Haggai had probably seen the temple in all its glory before the most of the population was led into bablonyan exile. So while many had never seen the splendor of an ornate temple, he had. He was probably as excited as everyone else when they returned and the work on the temple began. But just like many of us today, we begin a project with a lot of zeal only to slowly realize how big the project really is. We work and toil to the point it becomes functional, we then unintentionally slow down and stop. It's not on purpose. Life gets in the way. After a while the feeling we need to finish fades. We become comfortable with the way it is. It's “good enough.”
The difference between complacency and apathy is that complacency is a feeling of contented self-satisfaction while apathy is a complete lack of emotion or motivation about a person, activity, or object; lack of interest or enthusiasm; disinterest.

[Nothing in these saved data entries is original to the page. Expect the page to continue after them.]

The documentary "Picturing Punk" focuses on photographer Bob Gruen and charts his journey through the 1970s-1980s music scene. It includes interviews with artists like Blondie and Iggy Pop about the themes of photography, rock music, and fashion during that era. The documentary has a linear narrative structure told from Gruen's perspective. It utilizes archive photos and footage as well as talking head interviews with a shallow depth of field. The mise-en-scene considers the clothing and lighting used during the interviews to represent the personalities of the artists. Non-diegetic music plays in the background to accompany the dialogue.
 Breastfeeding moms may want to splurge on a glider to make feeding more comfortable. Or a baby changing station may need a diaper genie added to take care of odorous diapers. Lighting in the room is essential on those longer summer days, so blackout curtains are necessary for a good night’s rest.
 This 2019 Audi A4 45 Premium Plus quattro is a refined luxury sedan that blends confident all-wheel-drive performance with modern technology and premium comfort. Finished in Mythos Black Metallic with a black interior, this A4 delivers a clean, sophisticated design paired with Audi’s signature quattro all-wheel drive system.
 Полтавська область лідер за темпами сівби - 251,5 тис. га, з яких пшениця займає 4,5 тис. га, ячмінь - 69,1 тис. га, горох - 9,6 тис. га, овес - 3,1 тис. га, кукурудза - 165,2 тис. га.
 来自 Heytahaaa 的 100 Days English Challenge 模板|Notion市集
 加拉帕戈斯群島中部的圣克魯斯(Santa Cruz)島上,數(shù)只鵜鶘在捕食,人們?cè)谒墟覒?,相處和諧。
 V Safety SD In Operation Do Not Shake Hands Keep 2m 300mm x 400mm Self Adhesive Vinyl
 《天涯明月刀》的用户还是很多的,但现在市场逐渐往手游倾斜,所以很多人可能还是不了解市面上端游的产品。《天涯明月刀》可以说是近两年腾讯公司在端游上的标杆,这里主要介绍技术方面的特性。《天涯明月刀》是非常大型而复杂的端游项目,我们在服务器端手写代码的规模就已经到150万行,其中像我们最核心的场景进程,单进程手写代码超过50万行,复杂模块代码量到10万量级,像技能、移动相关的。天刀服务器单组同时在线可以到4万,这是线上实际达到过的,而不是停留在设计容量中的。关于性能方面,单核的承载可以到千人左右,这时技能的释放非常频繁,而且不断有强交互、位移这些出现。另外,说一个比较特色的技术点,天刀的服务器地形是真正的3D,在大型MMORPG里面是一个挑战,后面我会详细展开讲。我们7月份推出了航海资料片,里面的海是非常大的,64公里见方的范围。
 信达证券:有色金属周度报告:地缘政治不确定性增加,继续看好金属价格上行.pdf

There was a Danish philosopher named Soren Kierkegaard who wrote a parable to illustrate the simple slide into complacency. The parable begins, one Spring, a duck was flying north with a flock. In the Danish countryside that particular duck spotted a barnyard where tame ducks lived. The duck dropped down and he discovered these ducks had wonderful corn to eat. So he stayed for an hour....then for the day....a week then went by and a month. And because the corn and the safe barnyard were so fine, our duck ended up staying the whole Summer at that farm. Then one crisp Fall day, some wild ducks flew overhead, quacking as they winged their way south. He looked up and heard them -- and he was stirred with a strange sense of joy and delight. And then, with all his might he began flapping his wings and rose into the air, planning to join his comrades for the trip south.
But all that corn had made the duck both soft and heavy -- and he couldn't manage to fly any higher than the barn roof. So he dropped back to that barnyard and he said to himself, "Oh well, my life here is safe and the food is good!" After that in the Spring and in the Fall, that duck would hear wild ducks honking as they passed overhead -- and for a minute, his eyes would look and gleam -- he'd start flapping his wings almost without realizing it...but then a day came, when those others would pass overhead uttering their cry -- and the now tame duck would not pay the slightest attention.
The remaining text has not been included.